Leaving out all images, return the entries below exactly.

Stored items
____
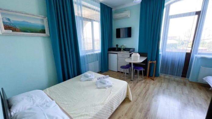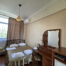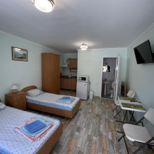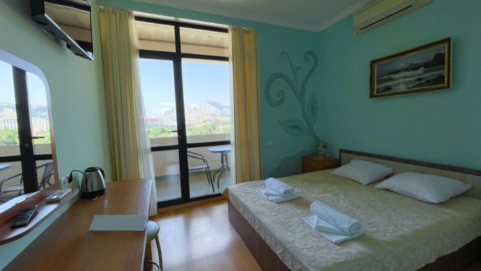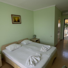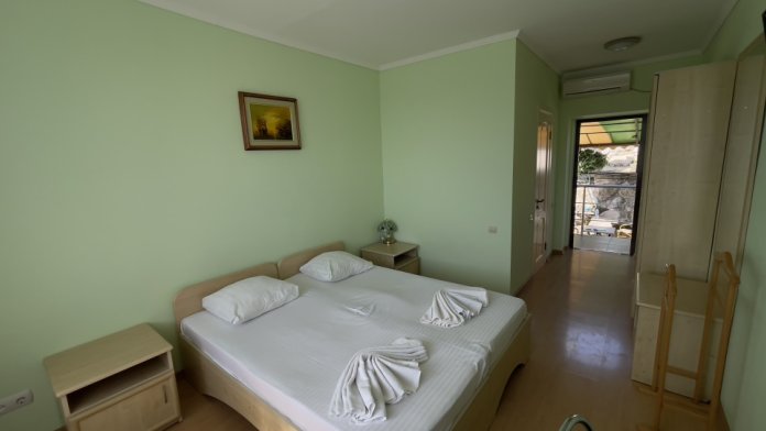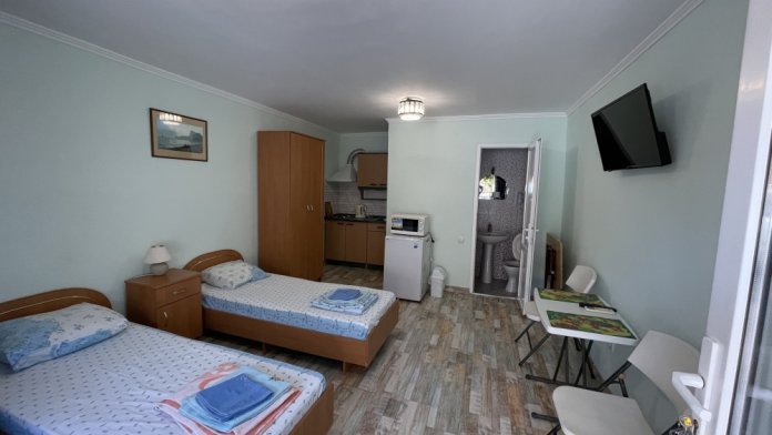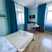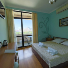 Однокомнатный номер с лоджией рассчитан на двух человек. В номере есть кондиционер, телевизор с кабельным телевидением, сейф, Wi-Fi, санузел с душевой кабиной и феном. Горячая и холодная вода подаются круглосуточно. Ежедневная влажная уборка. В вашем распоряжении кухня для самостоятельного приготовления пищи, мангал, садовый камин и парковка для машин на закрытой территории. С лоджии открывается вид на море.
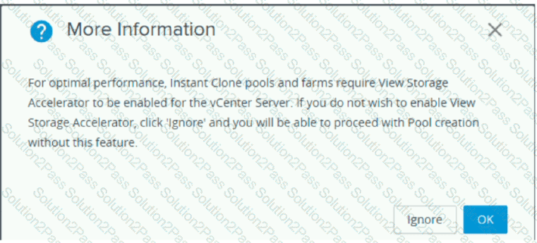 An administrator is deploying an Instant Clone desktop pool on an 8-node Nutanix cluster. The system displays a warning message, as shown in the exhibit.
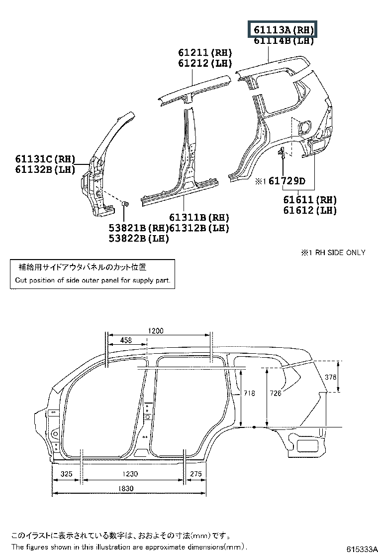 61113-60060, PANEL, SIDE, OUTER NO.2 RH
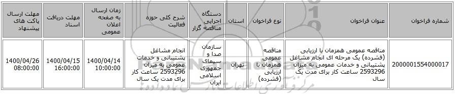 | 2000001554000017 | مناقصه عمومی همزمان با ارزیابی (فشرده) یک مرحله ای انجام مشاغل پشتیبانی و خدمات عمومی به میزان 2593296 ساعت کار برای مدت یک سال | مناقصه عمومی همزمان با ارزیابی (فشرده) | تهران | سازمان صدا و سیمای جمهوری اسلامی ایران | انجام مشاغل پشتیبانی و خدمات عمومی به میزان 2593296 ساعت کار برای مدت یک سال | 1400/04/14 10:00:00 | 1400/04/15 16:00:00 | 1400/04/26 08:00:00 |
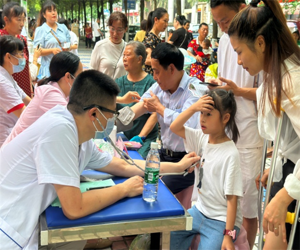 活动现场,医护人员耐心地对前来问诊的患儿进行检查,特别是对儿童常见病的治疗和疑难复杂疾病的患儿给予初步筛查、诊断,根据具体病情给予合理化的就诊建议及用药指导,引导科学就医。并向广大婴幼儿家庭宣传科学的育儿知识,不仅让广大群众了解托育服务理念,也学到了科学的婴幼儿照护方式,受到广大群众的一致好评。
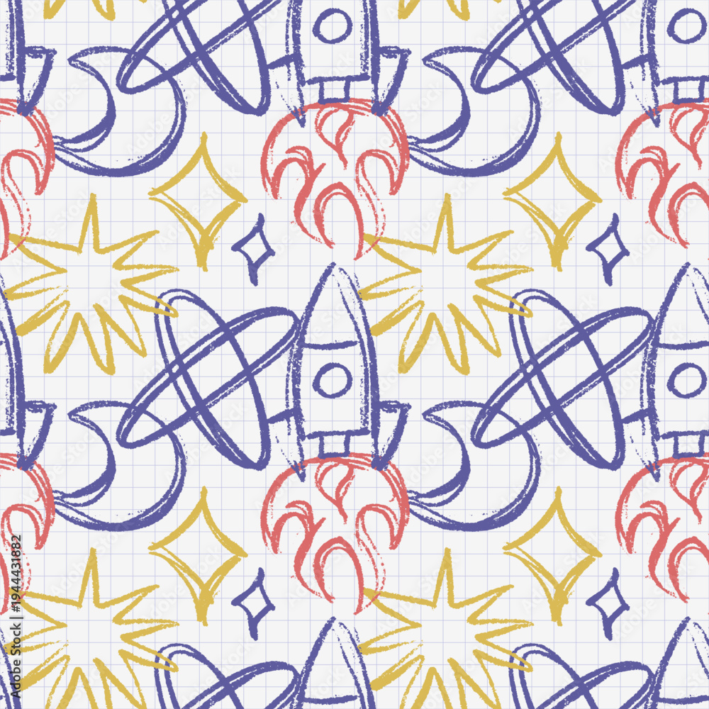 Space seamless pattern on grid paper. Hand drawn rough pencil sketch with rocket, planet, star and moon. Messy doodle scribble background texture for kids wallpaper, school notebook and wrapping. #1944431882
____
ANSWER
 Однокомнатный номер с лоджией рассчитан на двух человек. В номере есть кондиционер, телевизор с кабельным телевидением, сейф, Wi-Fi, санузел с душевой кабиной и феном. Горячая и холодная вода подаются круглосуточно. Ежедневная влажная уборка. В вашем распоряжении кухня для самостоятельного приготовления пищи, мангал, садовый камин и парковка для машин на закрытой территории. С лоджии открывается вид на море.
 An administrator is deploying an Instant Clone desktop pool on an 8-node Nutanix cluster. The system displays a warning message, as shown in the exhibit.
 61113-60060, PANEL, SIDE, OUTER NO.2 RH
 | 2000001554000017 | مناقصه عمومی همزمان با ارزیابی (فشرده) یک مرحله ای انجام مشاغل پشتیبانی و خدمات عمومی به میزان 2593296 ساعت کار برای مدت یک سال | مناقصه عمومی همزمان با ارزیابی (فشرده) | تهران | سازمان صدا و سیمای جمهوری اسلامی ایران | انجام مشاغل پشتیبانی و خدمات عمومی به میزان 2593296 ساعت کار برای مدت یک سال | 1400/04/14 10:00:00 | 1400/04/15 16:00:00 | 1400/04/26 08:00:00 |
 活动现场,医护人员耐心地对前来问诊的患儿进行检查,特别是对儿童常见病的治疗和疑难复杂疾病的患儿给予初步筛查、诊断,根据具体病情给予合理化的就诊建议及用药指导,引导科学就医。并向广大婴幼儿家庭宣传科学的育儿知识,不仅让广大群众了解托育服务理念,也学到了科学的婴幼儿照护方式,受到广大群众的一致好评。
 Space seamless pattern on grid paper. Hand drawn rough pencil sketch with rocket, planet, star and moon. Messy doodle scribble background texture for kids wallpaper, school notebook and wrapping. #1944431882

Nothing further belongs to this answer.